__EXERCISE REQUIREMENTS__
If a picture appears, leave it out, and reproduce exactly the lines from the start of the listing below through the one bearing "AWW! This is".

---------- DATA PROVIDED ----------

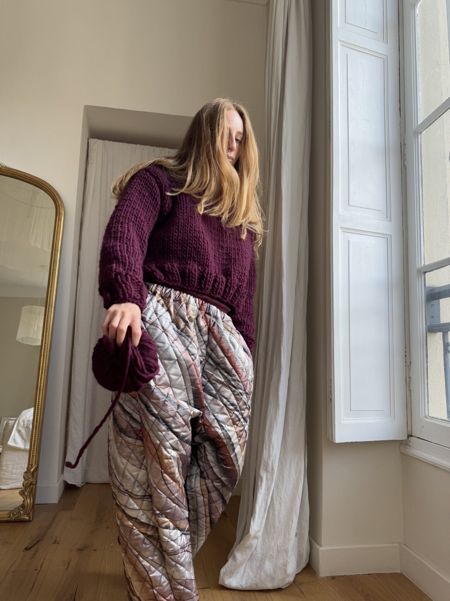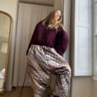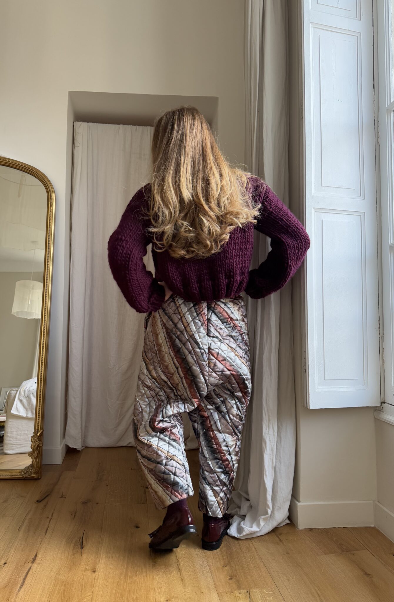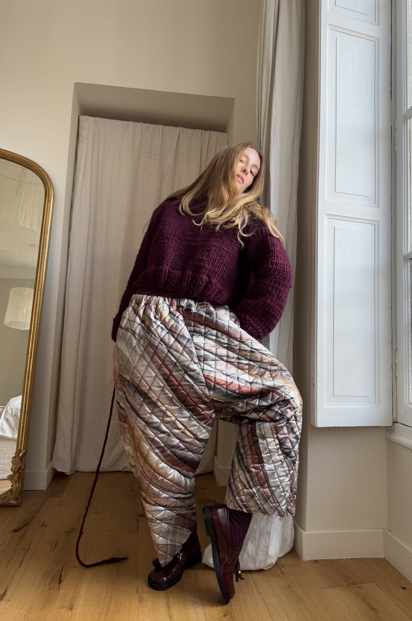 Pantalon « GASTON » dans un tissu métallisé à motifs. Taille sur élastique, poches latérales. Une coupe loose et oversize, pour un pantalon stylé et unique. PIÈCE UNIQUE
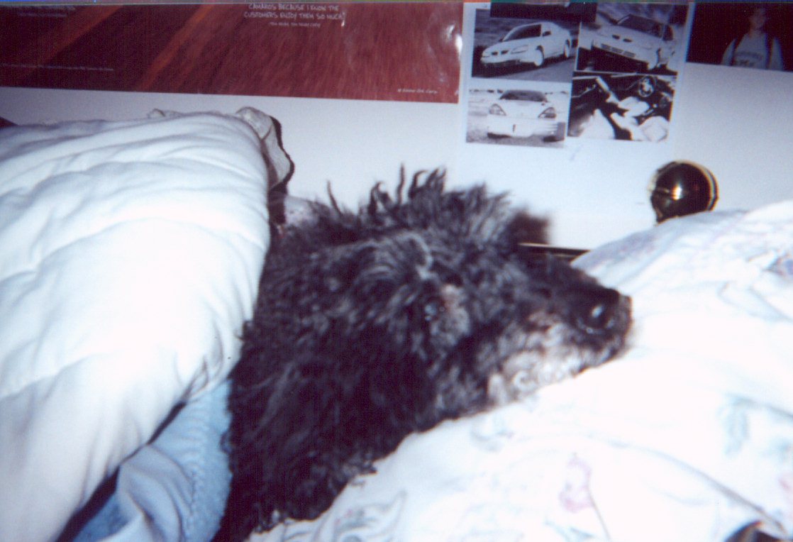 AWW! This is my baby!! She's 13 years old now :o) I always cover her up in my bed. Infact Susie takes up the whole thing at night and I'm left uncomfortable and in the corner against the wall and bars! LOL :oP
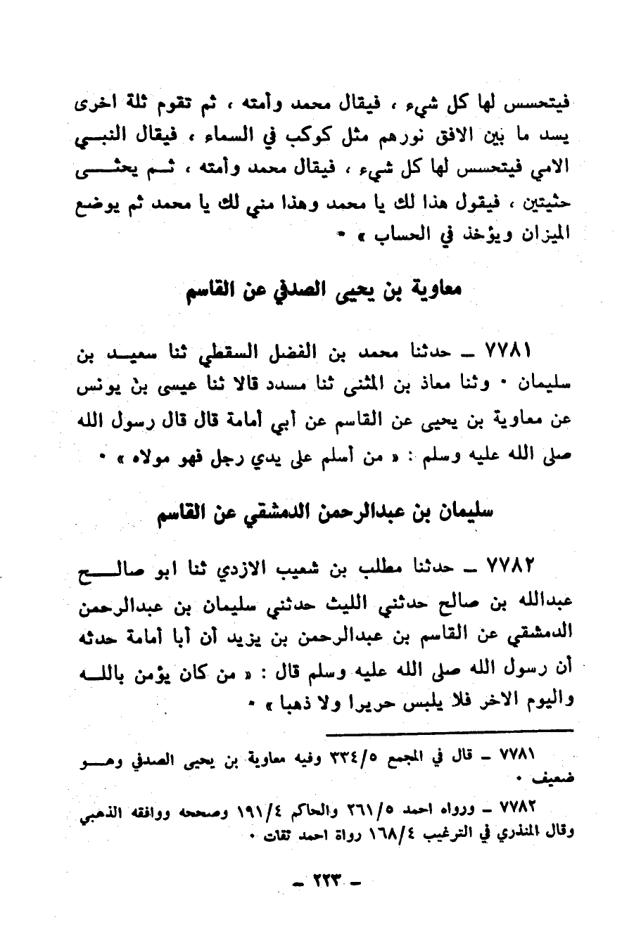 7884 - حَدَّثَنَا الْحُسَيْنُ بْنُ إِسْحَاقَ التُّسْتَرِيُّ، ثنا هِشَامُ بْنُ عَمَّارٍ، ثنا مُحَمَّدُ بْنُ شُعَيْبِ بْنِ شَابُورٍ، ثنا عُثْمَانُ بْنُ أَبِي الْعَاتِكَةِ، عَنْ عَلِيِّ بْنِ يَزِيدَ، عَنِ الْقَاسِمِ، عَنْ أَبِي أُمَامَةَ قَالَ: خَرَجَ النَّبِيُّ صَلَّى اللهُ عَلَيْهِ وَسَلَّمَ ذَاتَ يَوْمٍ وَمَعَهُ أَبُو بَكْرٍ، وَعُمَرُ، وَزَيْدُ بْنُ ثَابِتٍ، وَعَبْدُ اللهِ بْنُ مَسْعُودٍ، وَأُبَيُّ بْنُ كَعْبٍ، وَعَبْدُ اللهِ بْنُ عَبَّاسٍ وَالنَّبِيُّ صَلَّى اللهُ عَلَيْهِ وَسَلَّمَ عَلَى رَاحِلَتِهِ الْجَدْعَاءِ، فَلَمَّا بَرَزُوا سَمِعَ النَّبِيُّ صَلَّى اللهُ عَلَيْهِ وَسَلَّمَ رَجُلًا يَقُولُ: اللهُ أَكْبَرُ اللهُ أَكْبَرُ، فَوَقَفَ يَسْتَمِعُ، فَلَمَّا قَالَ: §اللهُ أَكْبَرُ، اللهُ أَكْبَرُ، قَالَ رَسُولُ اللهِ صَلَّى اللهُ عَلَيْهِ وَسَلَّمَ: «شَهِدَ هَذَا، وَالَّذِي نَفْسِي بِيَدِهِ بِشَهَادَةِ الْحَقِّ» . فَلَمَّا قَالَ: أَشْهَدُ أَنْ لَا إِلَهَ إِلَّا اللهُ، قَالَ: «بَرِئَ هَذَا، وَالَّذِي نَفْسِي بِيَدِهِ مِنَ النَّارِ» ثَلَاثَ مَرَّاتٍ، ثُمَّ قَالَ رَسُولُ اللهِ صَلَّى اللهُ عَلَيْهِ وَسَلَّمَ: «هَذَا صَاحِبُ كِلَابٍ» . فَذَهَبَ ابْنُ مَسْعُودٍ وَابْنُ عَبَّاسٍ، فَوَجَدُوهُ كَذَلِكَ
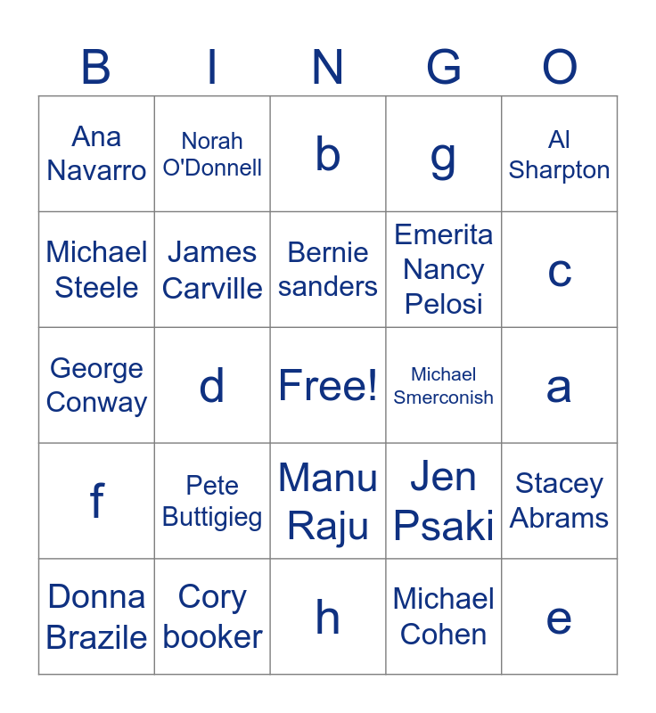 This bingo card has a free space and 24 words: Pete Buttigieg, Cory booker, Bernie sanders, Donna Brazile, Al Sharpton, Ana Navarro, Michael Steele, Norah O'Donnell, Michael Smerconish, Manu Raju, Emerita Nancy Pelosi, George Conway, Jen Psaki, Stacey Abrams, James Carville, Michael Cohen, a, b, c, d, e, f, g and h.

----------

__TASK ANSWER__
 Pantalon « GASTON » dans un tissu métallisé à motifs. Taille sur élastique, poches latérales. Une coupe loose et oversize, pour un pantalon stylé et unique. PIÈCE UNIQUE
 AWW! This is my baby!! She's 13 years old now :o) I always cover her up in my bed. Infact Susie takes up the whole thing at night and I'm left uncomfortable and in the corner against the wall and bars! LOL :oP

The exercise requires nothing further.